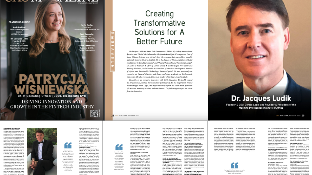 Dr Jacques Ludik :”Thanks for the honour to be featured in the global edition of CXO Magazine® and discussing ‘Creating Transformative Solutions for A Better Future’.”
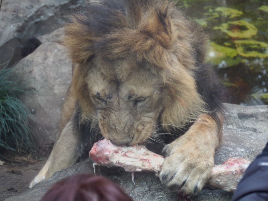 猛禽類エリアを過ぎると次はライオンです。朝ごはんだったのかおやつだったのかはわかりませんけど骨をかじっていました。
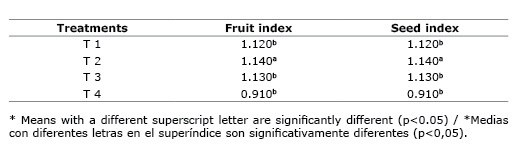 The evaluation of the fruit index and seed index according to the analysis of variance, showed statistically significant differences (p = 0.0001) between treatments (Table 2).
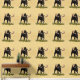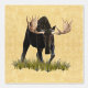 A digital painting of a charging bull moose superimposed on an old paper, or parchment, background image.

_Problem statement_
Find the line that contains "猛禽類エリアを過ぎると次はラ" and repeat it, along with every line after it to the end of the data, exactly; drop the pictures.

_Result_
 猛禽類エリアを過ぎると次はライオンです。朝ごはんだったのかおやつだったのかはわかりませんけど骨をかじっていました。
 The evaluation of the fruit index and seed index according to the analysis of variance, showed statistically significant differences (p = 0.0001) between treatments (Table 2).
 A digital painting of a charging bull moose superimposed on an old paper, or parchment, background image.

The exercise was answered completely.